Given how ubiquitous these databases are, we won’t discuss them today. Instead, we explore three types of alternative data storages that are growing in popularity and that have introduced different approaches to dealing with data.

Within the context of data engineering, these technologies are search engines, document stores, and columnar stores.

  • Search engines excel at text queries. When compared to text matches in SQL databases, such as LIKE, search engines offer higher query capabilities and better performance out of the box.
  • Document stores provide better data schema adaptability than traditional databases. By storing the data as individual document objects, often represented as JSONs, they do not require schema predefining.
  • Columnar stores specialize in single column queries and value aggregations. SQL operations, such as SUM and AVG, are considerably faster in columnar stores, as data of the same column are stored closer together on the hard drive.

In this article, we explore all three technologies: Elasticsearch as a search engine, MongoDB as a document store, and Amazon Redshift as a columnar store.

By understanding alternative data storage, we can choose the most suitable one for each situation.

Storage for Data Engineering: Which is the Best?

For data engineers, the most important aspects of data storages are
how they index, shard, and aggregate data.


To compare these technologies, we’ll examine how they index, shard, and aggregate data.

Each data indexing strategy improves certain queries while hindering others.

Knowing which queries are used most often can influence which data store to adopt.

Sharding, a methodology by which databases divide its data into chunks, determines how the infrastructure will grow as more data is ingested.

Choosing one that matches our growth plan and budget is critical.

Finally, these technologies each aggregate its data very differently.

When we are dealing with gigabytes and terabytes of data, the wrong aggregation strategy can limit the types and performances of reports we can generate.

As data engineers, we must consider all three aspects when evaluating different data storages.

Contenders


Search Engine: Elasticsearch


Elasticsearch quickly gained popularity among its peers for its scalability and ease of integration. Built on top of Apache Lucene, it offers a powerful, out-of-the-box text search and indexing functionality. Aside from the traditional search engine tasks, text search, and exact value queries, Elasticsearch also offers layered aggregation capabilities.

Document Store: MongoDB


At this point, MongoDB can be considered the go-to NoSQL database. Its ease of use and flexibility quickly earned its popularity. MongoDB supports rich and adaptable querying for digging into complex documents. Often-queried fields can be sped up through indexing, and when aggregating a large chunk of data, MongoDB offers a multi-stage pipeline.
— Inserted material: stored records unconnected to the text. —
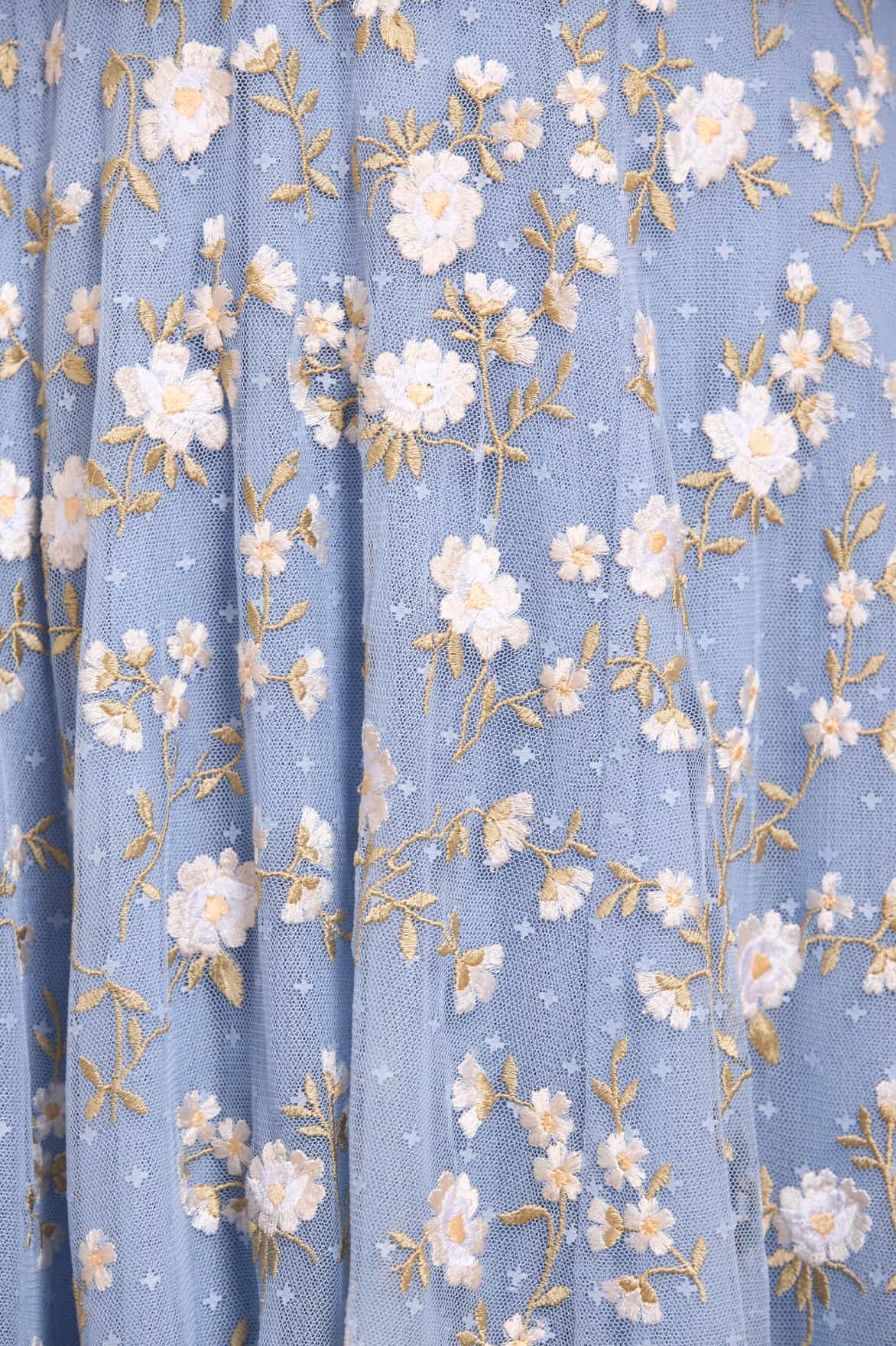 - Kisses tulle decorated with floral embroidery.
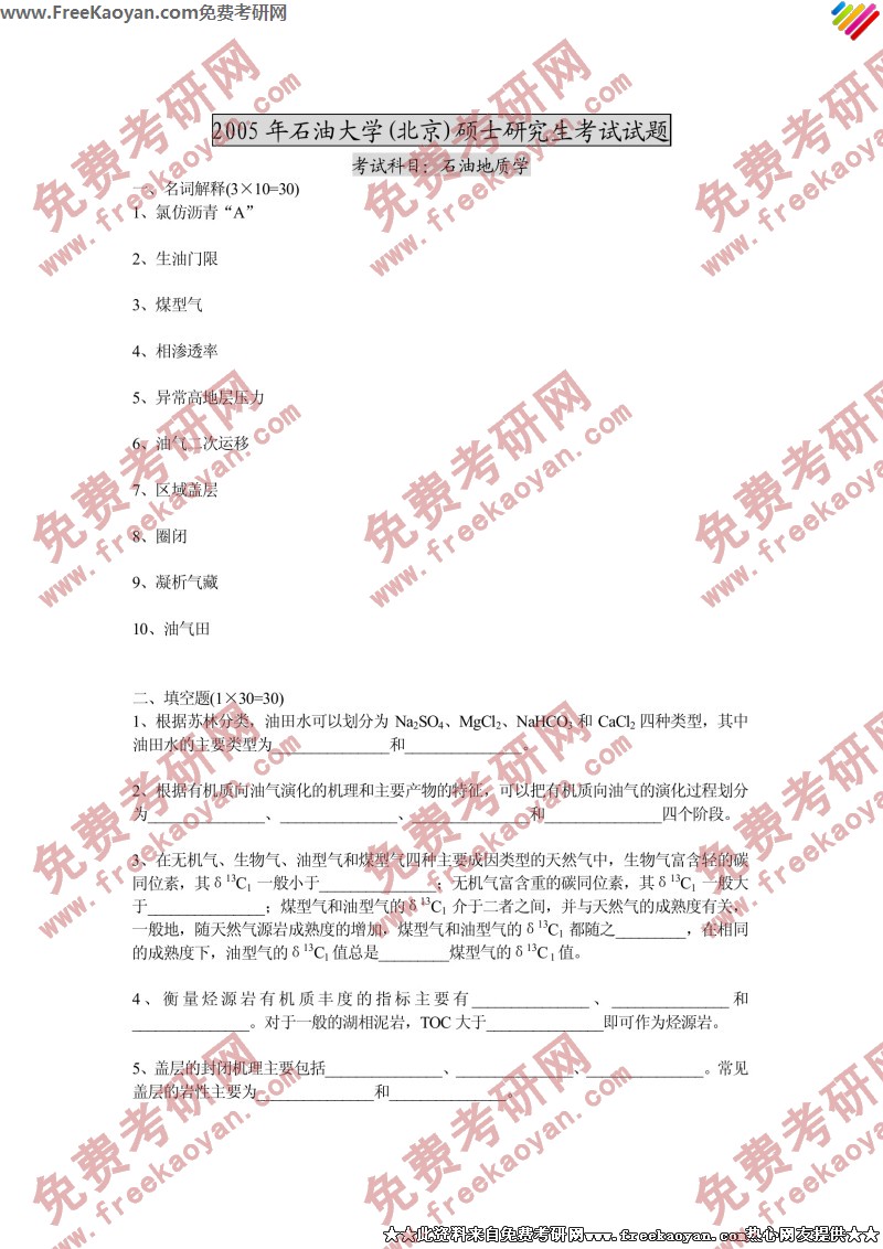 专业课考研经验 本站小编 FreeKaoyan 2018-01-22中国石油大学(北京)2003年考研真题-石油地质学
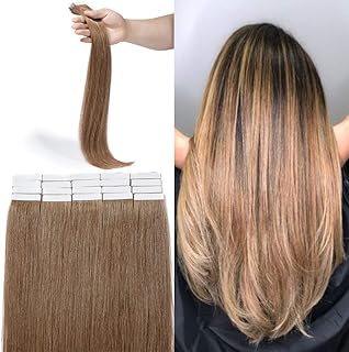 Silk-co Tape in Extensions Echthaar 20Pcs Haarteile Echthaar Glatt Weich Natürlich Tape Extensions Echthaar Klebeband Haarverlängerung 50g 50cm Hellbraun
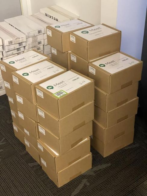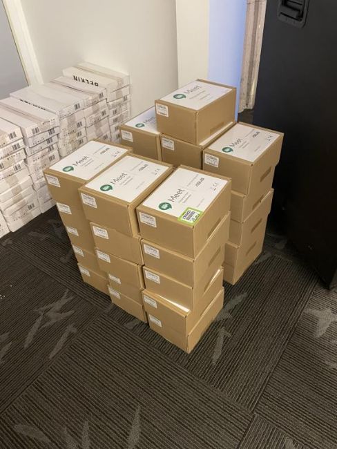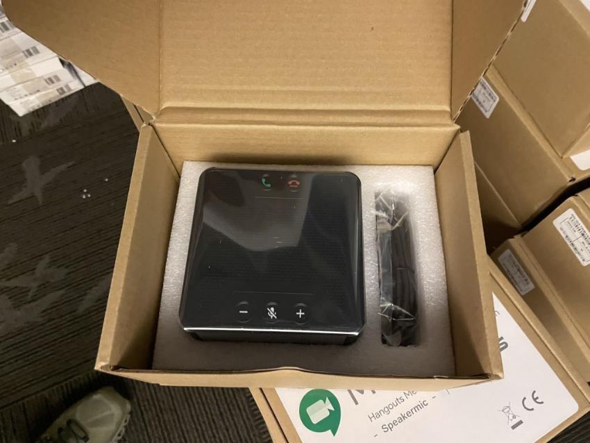 (32) Google Hangouts Meet G017A Conference Call Meeting SpeakerMic, Black, In Original Packaging. HIT# 2365825. Loc: 6th flr Office. Asset Located In 1355 Market St. San Francisco, CA 94103.

Columnar Store: Amazon Redshift


Alongside the growth of NoSQL’s popularity, columnar databases have also gathered attention, especially for data analytics. By storing data in columns instead of the usual rows, aggregation operations can be executed directly from the disk, greatly increasing performance. A few years ago, Amazon rolled out its hosted service for a columnar store called Redshift.

Indexing


Elasticsearch’s Indexing Capability


In many ways, search engines are data stores that specialize in indexing texts.

While other data stores create indices based on the exact values of the field, search engines allow retrieval with only a fragment of the (usually text) field.
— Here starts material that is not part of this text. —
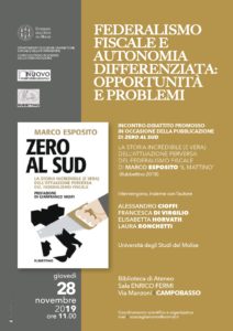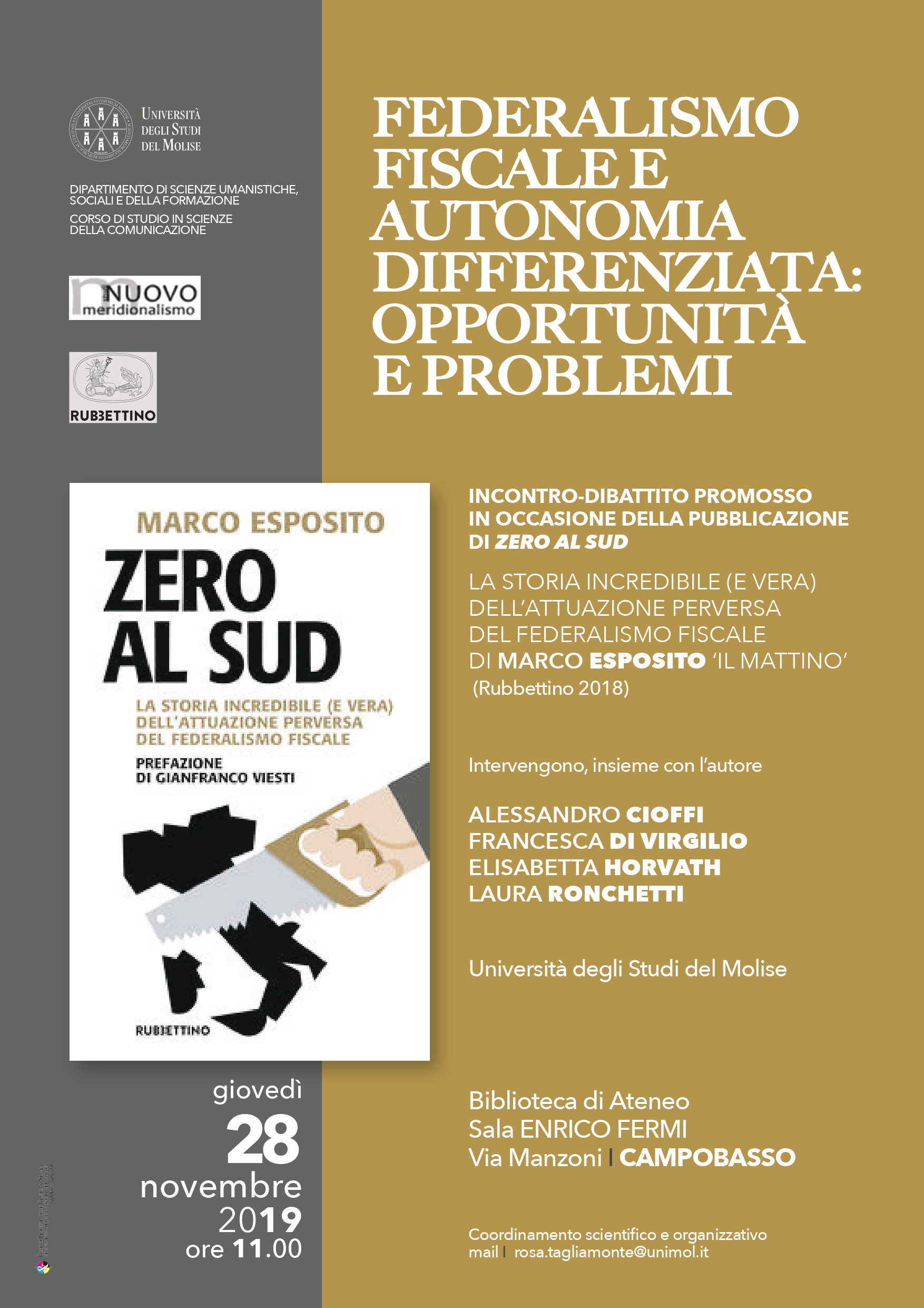 CAMPOBASSO – Il Dipartimento di Scienze Umanistiche, Sociali e della Formazione, Corso di studio in Scienze della comunicazione in collaborazione con la Rivista interdisciplinare Nuovo Meridionalismo Studi e con l’editore Rubbettino, ha inteso organizzare un incontro-dibattito promosso in occasione della pubblicazione di Zero al Sud.
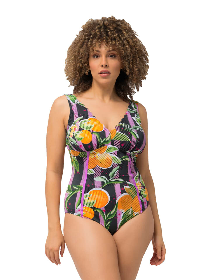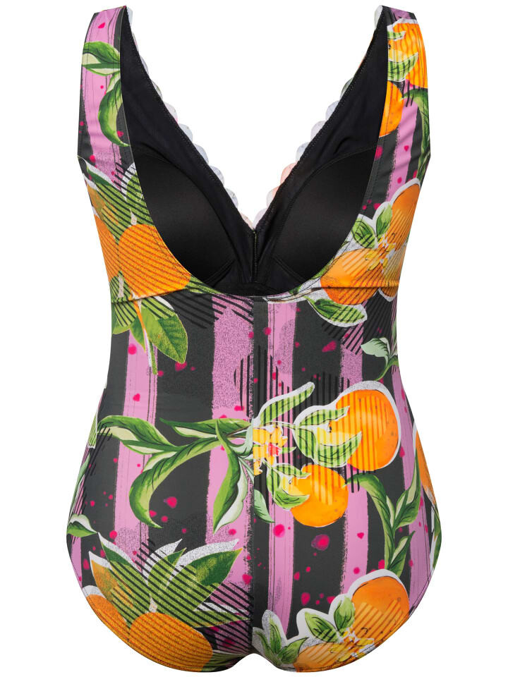Купальник с мягкими чашками, свежим оранжевым принтом и неоновой окантовкой спереди. Вырез по периметру украшен узором, вырезанным лазером. Пояс под грудью, подкладка спереди. OEKO-TEX.

By default, this retrieval is done automatically for every field through analyzers.

An analyzer is a module that creates multiple index keys by evaluating the field values and breaking them down into smaller values.
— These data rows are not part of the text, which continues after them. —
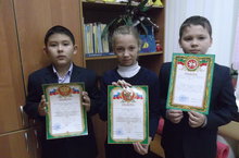 Ученики 4Т класса Сабиров Тимур,Хамидуллина Азалия, Файзиев Салим (кл.рук. Гайнуллина А. М.)администрацией школы награждены грамотами в номинации "Самая объёмная информационная газета-кроссворд" на тему:"Правила дорожного движения". Поздравляем ребят!
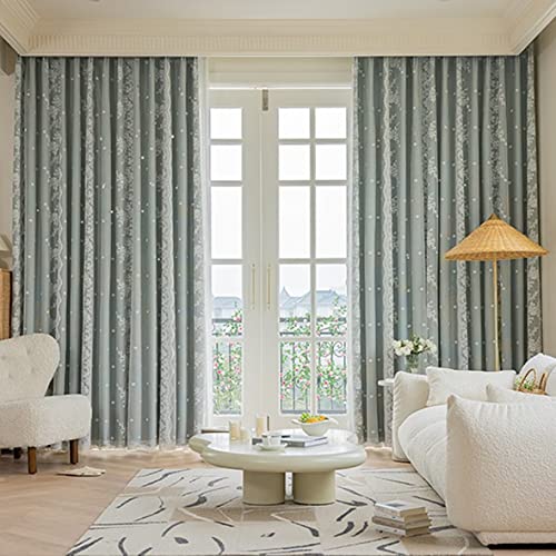 姫系の可愛いデザインの遮光・断熱・保温カーテン。グリーンの刺繍が施された二重カーテンで、洗濯可能。おしゃれでキラキラのタッセル付き、間仕切りにも最適。サイズは110×120cm、オーダー可能。
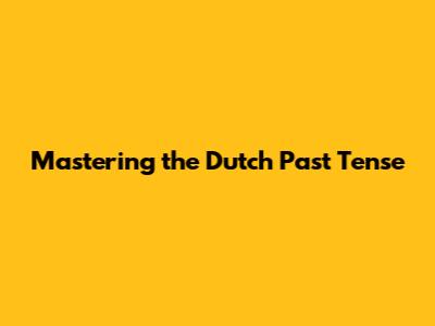 Mastering The Dutch Past Tense
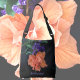 Esta bolsa de corpo cruzado flagrante mostra uma flor de Hibiscus laranja-rico com flores roxas e folhas verdes. Esta flor tropical vibrante aparece neste saco preto dramático. Sinta os trópicos neste floral brilhante e colorido e personalize facilmente com seu nome. Esta é a fotografia botânica original de JLW_PHOTOGRAPHY
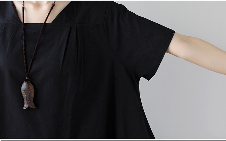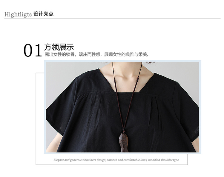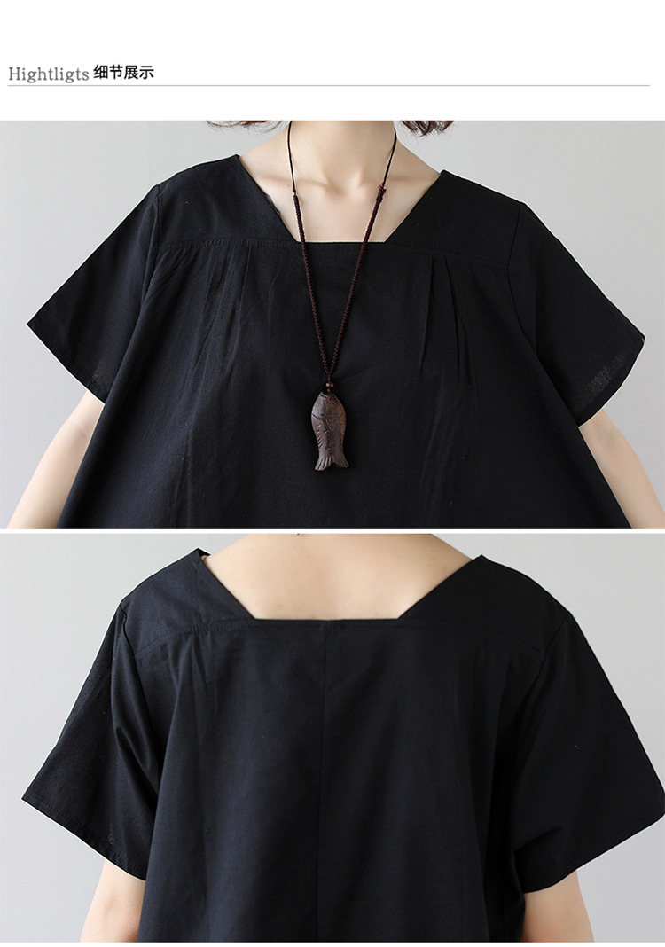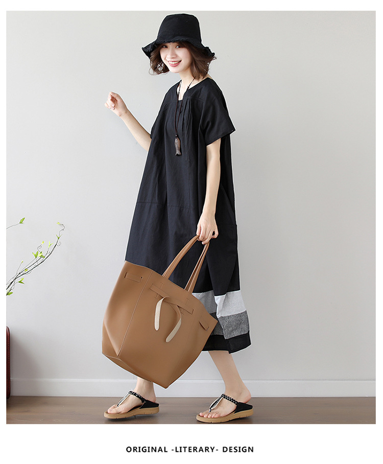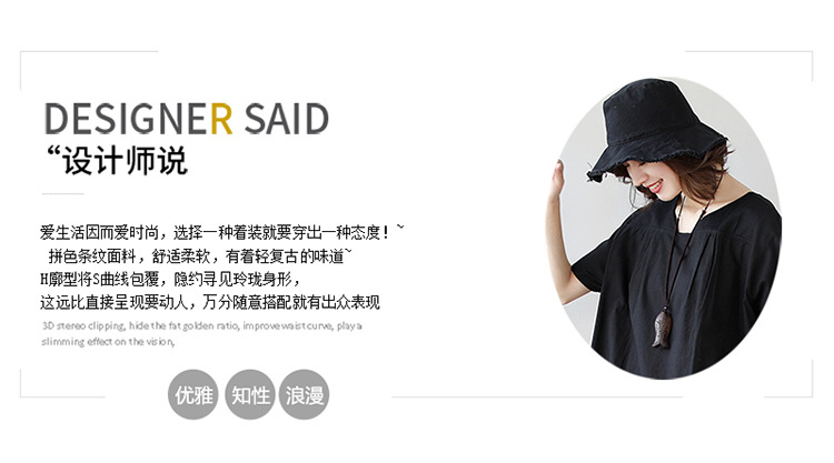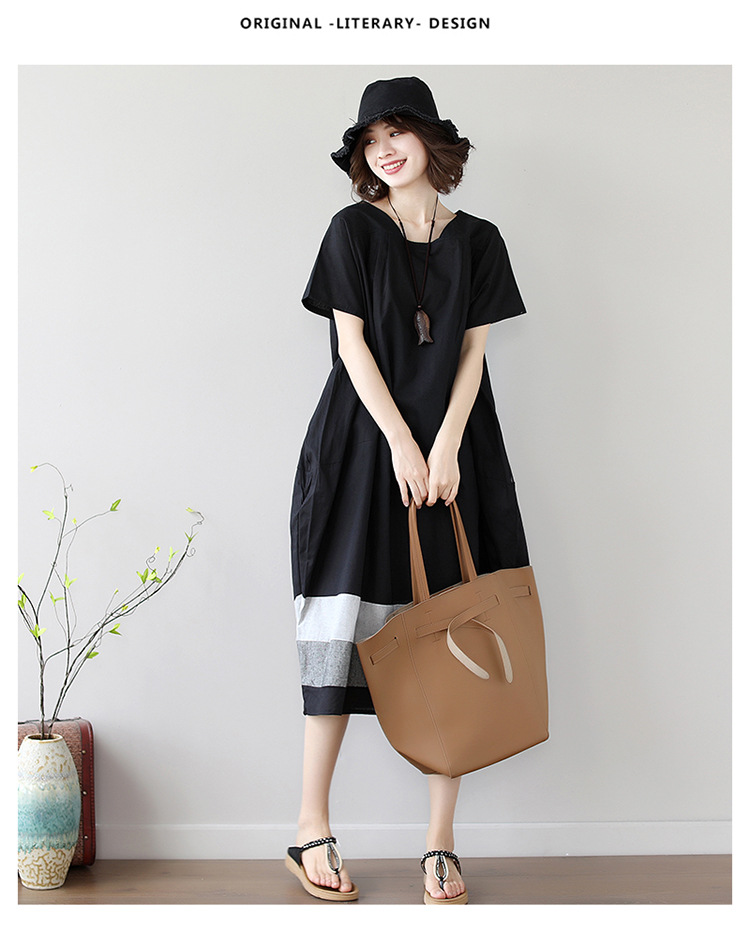 雀说新款韩版大码宽松拼接条纹棉麻短袖连衣裙女装中长款AL997

For example, a basic analyzer might examine “the quick brown fox jumped over the lazy dog” into words, such as “the,” “quick,” “brown,” “fox” and so on.

This method enables users to find the data by searching for fragments within the results, ranked by how many fragments match the same document data.

A more sophisticated analyzer could utilize edit distances, n-grams, and filter by stopwords, to build a comprehensive retrieval index.

MongoDB’s Indexing Capability


As a generic data store, MongoDB has a lot of flexibility for indexing data.

Unlike Elasticsearch, it only indexes the _id field by default, and we need to create indices for the commonly queried fields manually.

Compared to Elasticsearch, MongoDB’s text analyzer isn’t as powerful. But it does provide a lot of flexibility with indexing methods, from the compound and geospatial for optimal querying to the TTL and sparse for storage reduction.

Redshift’s Indexing Capability


Unlike Elasticsearch, MongoDB, or even traditional databases, including PostgreSQL, Amazon Redshift does not support an indexing method.

Instead, it reduces its query time by maintaining a consistent sorting on the disk.

As users, we can configure an ordered set of column values as the table sort key. With the data sorted on the disk, Redshift can skip an entire block during retrieval if its value falls outside the queried range, heavily boosting performance.

Sharding


Elasticsearch’s Sharding Capability


Elasticsearch was built on top of Lucene to scale horizontally and be production ready.

Scaling is done by creating multiple Lucene instances (shards) and distributing them across multiple nodes (servers) within a cluster.

By default, each document is routed to its respective shard through its _id field.

During retrieval, the master node sends each shard a copy of the query before finally aggregating and ranking them for output.

MongoDB’s Sharding Capability


Within a MongoDB cluster, there are three types of servers: router, config, and shard.

By scaling the router, servers can accept more requests, but the heavy lifting happens at the shard servers.

As with Elasticsearch, MongoDB documents are routed (by default) via _id to their respective shards. At the query time, the config server notifies the router, which shards the query, and the router server then distributes the query and aggregates the results.

Redshift’s Sharding Capability


An Amazon Redshift cluster consists of one leader node, and several compute nodes.

The leader node handles the compilation and distribution of queries as well as the aggregation of intermediate results.

Unlike MongoDB’s router servers, the leader node is consistent and can’t be scaled horizontally.

While this creates a bottleneck, it also allows efficient caching of compiled execution plans for popular queries.

Aggregating


Elasticsearch’s Aggregating Capability


Documents within Elasticsearch can be bucketed by exact, ranged, or even temporal and geolocation values.

These buckets can be further grouped into finer granularity through nested aggregation.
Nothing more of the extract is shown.